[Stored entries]

+--

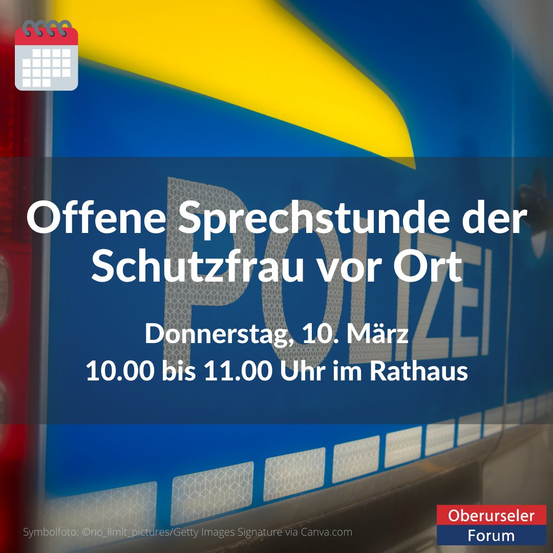 Offene Sprechstunde der Schutzfrau vor Ort am Donnerstag, 10. März, von 10.00 bis 11.00 Uhr im Rathaus Immer am 2. + 4. Donnerstag, 10.00 bis 11.00 Uhr Infos: https://obu.li/01m6
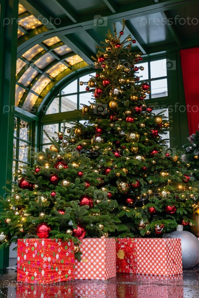 Рождественские и новогодние праздники фон. Рождественская елка с гирляндой и подарочными коробками под ней. Украшение интерьера дома
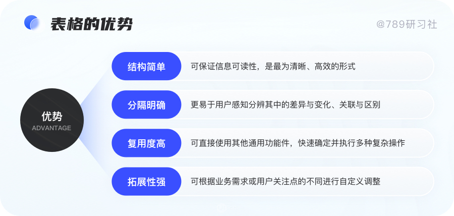 表格适合信息的归纳与分类,数据经过归纳整理和合理布局后,更易于用户在信息之间进行对比,快速定位、查询其中的差异与变化、关联和区别。
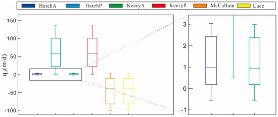 Table 4 lists the values of the parameters used in VFLUX2. The data was selected from several similar field tests [43,65,66]. Figure 4 showed the mean and coefficient of variation (Cv) of the VHF calculated by six analytic methods. The six methods had significant differences that the order of VHF ranged from 10−2 to 102 m/day. Hence, the results of HatchA and KeeryA were enlarged and shown in Figure 4.
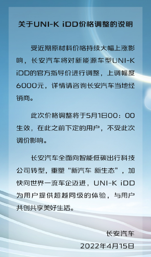 4 月 15 日,长安汽车发布官方消息。受目前原材料价格大幅上涨的影响,旗下插电混合动力 SUV 车型 UNI-K iDD 的官方指导价将进行调整,上调幅度为 6000 元。
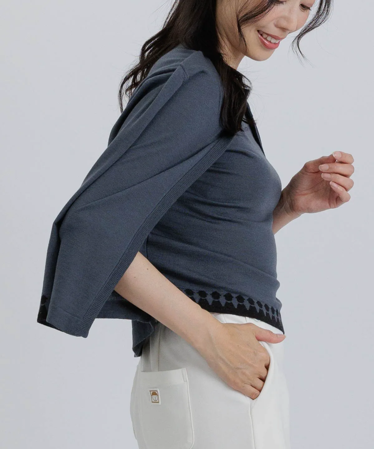 ・Дизайн, напоминающий сочетание топа без рукавов и кардигана (они соединены в области плеч)
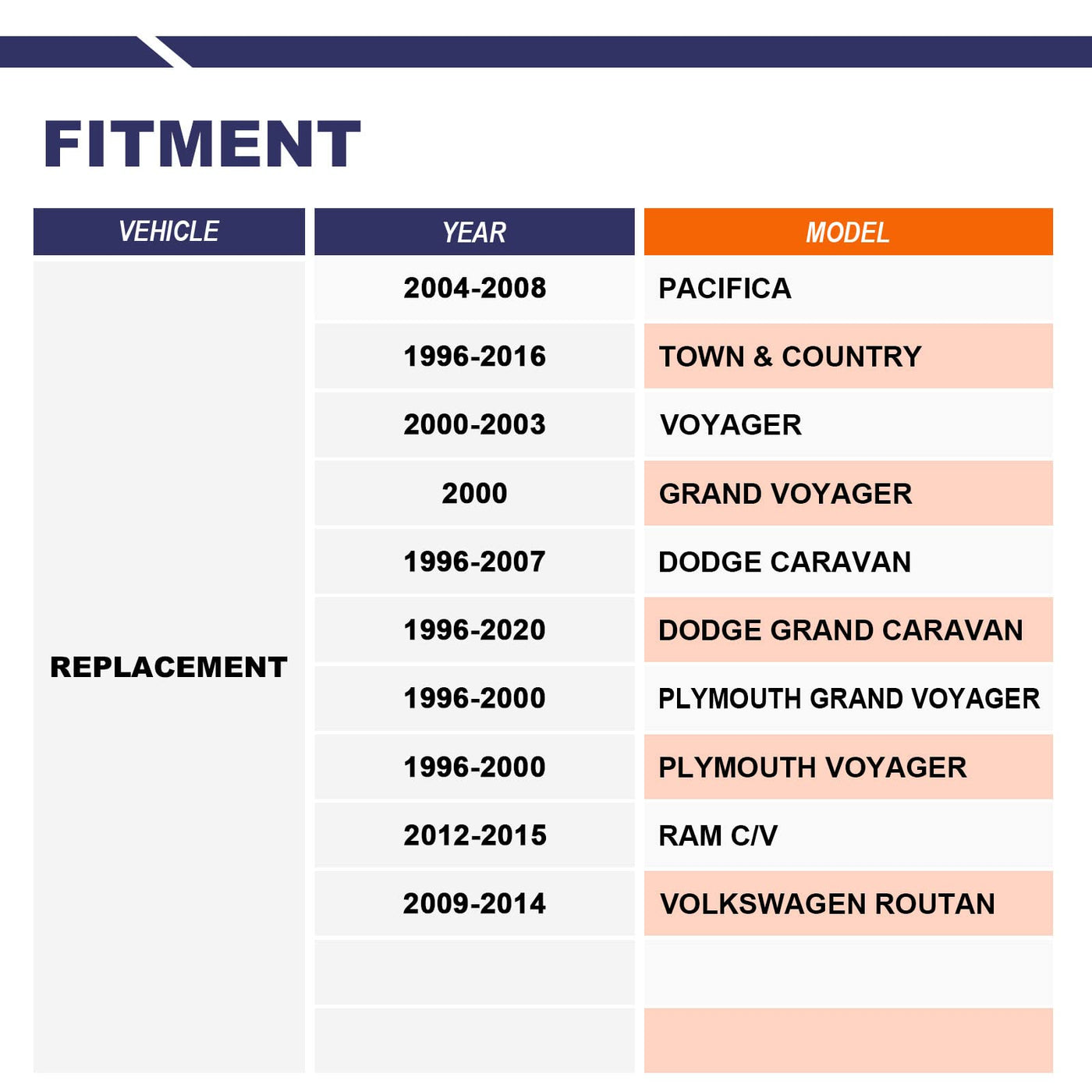What happens when car sway bar end link fails?Abnormal Soundsstabilizer bar suspension noise such as clunking,ratting or popping on rough roads.Uneven Tire TreadsIf you notice the tread is wearing down unevenly on your tires, or if you notice balding spots, this is often a symptom that the suspension isn't holding the car evenly, and therefore putting uneven amounts of pressure on the tires.Car Ride is Not SmoothWhen you begin to feel every bump in the road, or when every bump causes the vehicle body to ''bounce'' ,you should check if some of your sway link kit parts have been worn out.Drifting Or Pulling During TurnsWith a failing sway bar suspension, you'll often feel the vehicle ''drift'' or ''pull'' when turning. Feature:Easy To TurnEasy To InstallReduce The NoiseStrong And DurableProtecting The TireBetter Anti-roll ControlImproving Driving ComfortImproving Driving StabilityItem Specifics:Material: SteelQuantity:pair 2Condition : New2x Front Driver Stabilizer / Sway Bar End Links - K7258Fit:2004-2009 Pacifica 1996-2016 Town&Country 2000-2003 Voyager 1996-2018 Grand Caravan 2009-2014 RoutanNote:Please check your old sway bar suspension, pictures and OEM part number before purchase to ensure they are suitable for your vehicle. If you have any questions, please contact us by amazon.
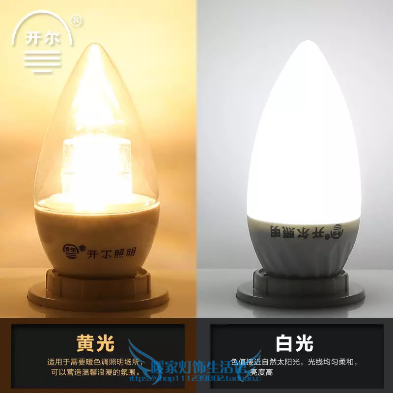 Kaier lighting led candle pull tail bulb E14 tip bulb 4W5W energy-saving crystal lamp special screw mouth household lamp
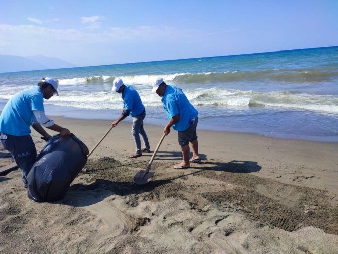 Petrol atıklarının vurduğu Samandağ sahili temizlendi
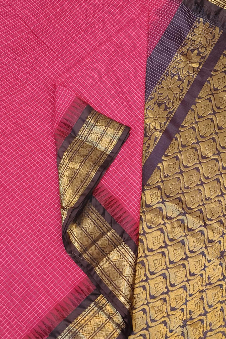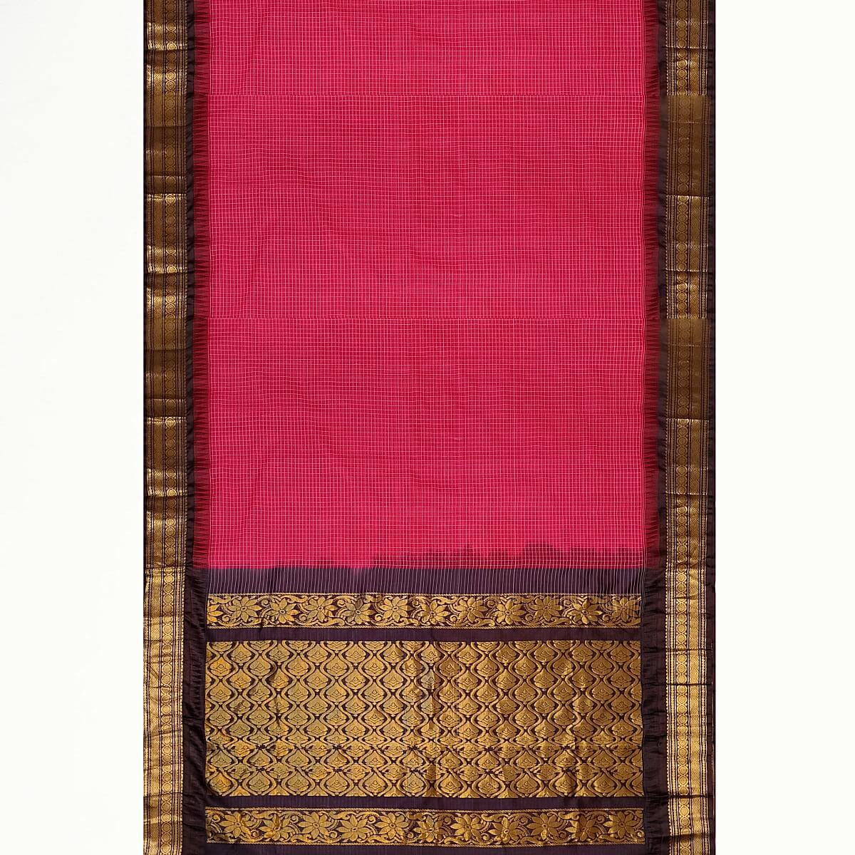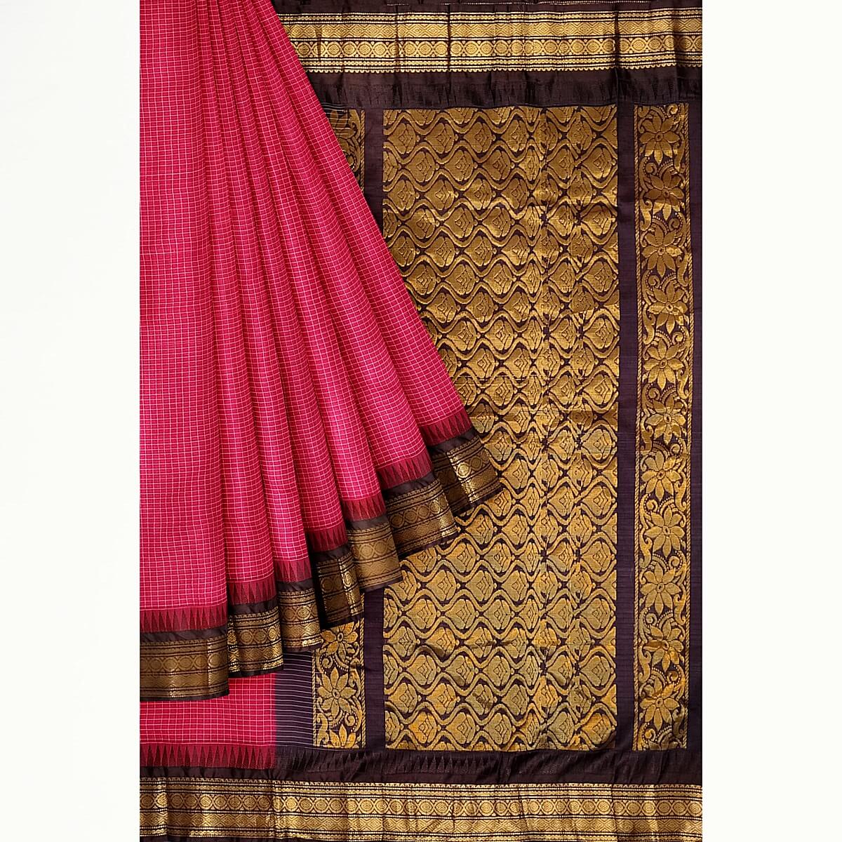 Description : Gadwal cotton silk saree in dark pink & brown in checks with temple border
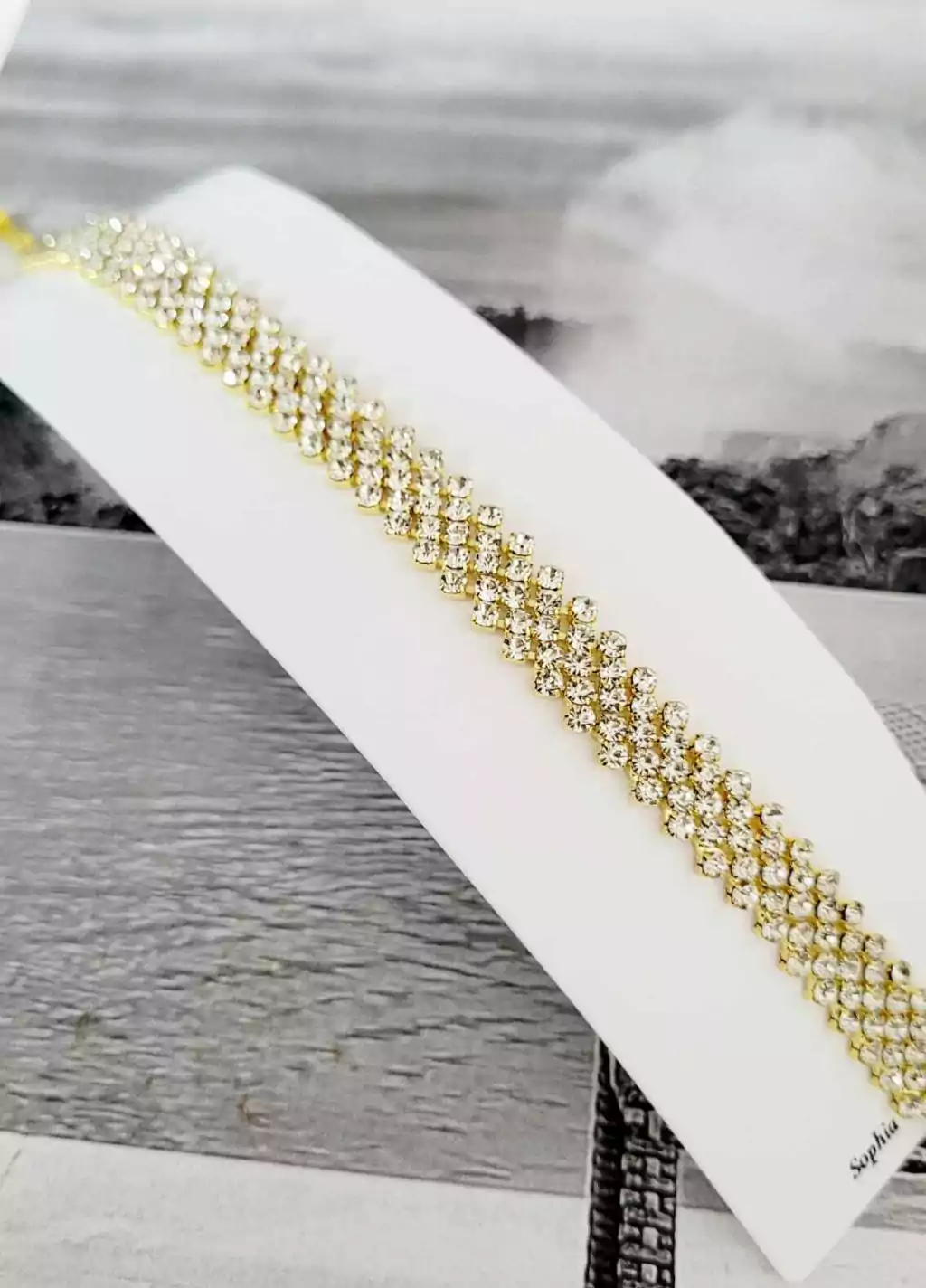 Pulsera de strass con base dorada.
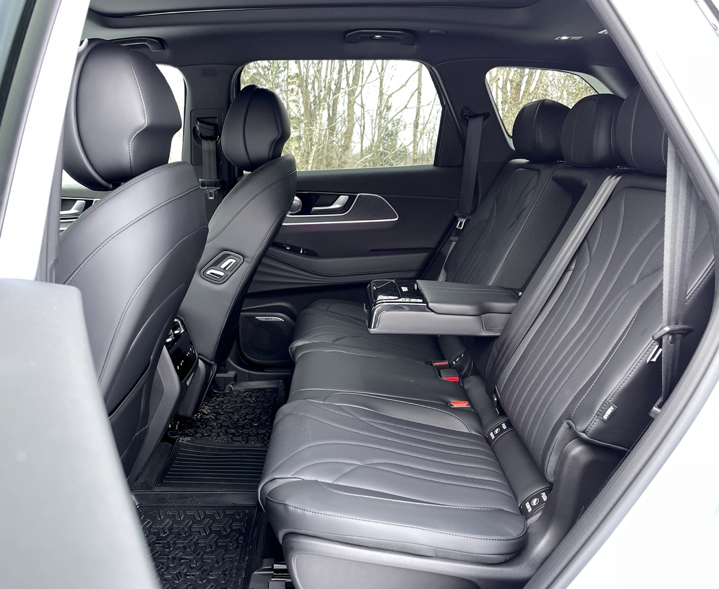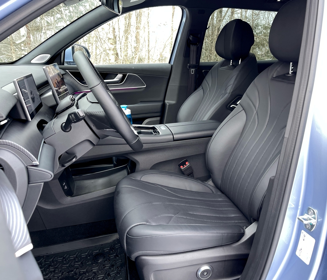 Салон Chery Tiggo 9 разработан с акцентом на комфорт водителя и пассажиров. Передние кресла мягкие, отделаны приятной на ощупь натуральной кожей. На первом ряду предусмотрена вентиляция, массаж и подогрев — всё работает без нареканий. Подушка сиденья достаточно длинная, чтобы обеспечить поддержку для ног на длительных расстояниях. Однако хотелось бы большего диапазона регулировки руля по вылету — приходится подвигаться к «баранке» ближе, чем хотелось бы.
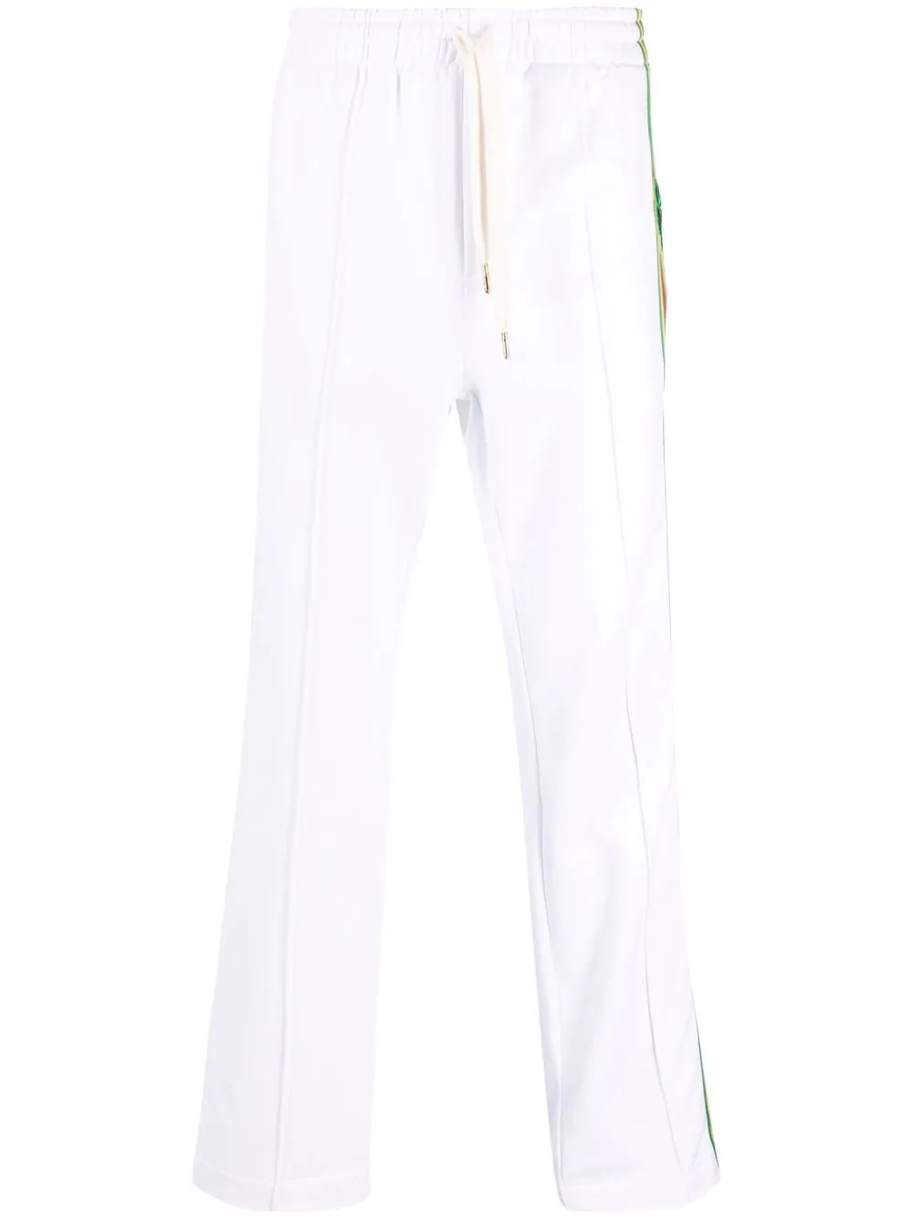 embroidered-logo striped joggers Highlights - White - Organic cotton - Embroidered logo - Side stripe detailing - Drawstring fastening waist - Straight leg Imported Composition Outer: Polyester 100%, Viscose 100%, Organic Cotton 100% Lining: Cotton 100% SIZE & FIT Model measurements Height 6 ft 1 in(1.86 m) Bust/Chest 35.43 in(90 cm) Hips 35.43 in(90 cm) Waist 29.92 in(76 cm) FittingInformation This piece fits true to size. We recommend you get your regular size Cut for a slim fit Made with a mid-weight fabric Washing instructions Dry Clean Only

+--

The lines from the one containing "Description : Gadwal" through the end of the data above are to be copied exactly, both ends included, and pictures are to be omitted.

_Task output:_
 Description : Gadwal cotton silk saree in dark pink & brown in checks with temple border
 Pulsera de strass con base dorada.
 Салон Chery Tiggo 9 разработан с акцентом на комфорт водителя и пассажиров. Передние кресла мягкие, отделаны приятной на ощупь натуральной кожей. На первом ряду предусмотрена вентиляция, массаж и подогрев — всё работает без нареканий. Подушка сиденья достаточно длинная, чтобы обеспечить поддержку для ног на длительных расстояниях. Однако хотелось бы большего диапазона регулировки руля по вылету — приходится подвигаться к «баранке» ближе, чем хотелось бы.
 embroidered-logo striped joggers Highlights - White - Organic cotton - Embroidered logo - Side stripe detailing - Drawstring fastening waist - Straight leg Imported Composition Outer: Polyester 100%, Viscose 100%, Organic Cotton 100% Lining: Cotton 100% SIZE & FIT Model measurements Height 6 ft 1 in(1.86 m) Bust/Chest 35.43 in(90 cm) Hips 35.43 in(90 cm) Waist 29.92 in(76 cm) FittingInformation This piece fits true to size. We recommend you get your regular size Cut for a slim fit Made with a mid-weight fabric Washing instructions Dry Clean Only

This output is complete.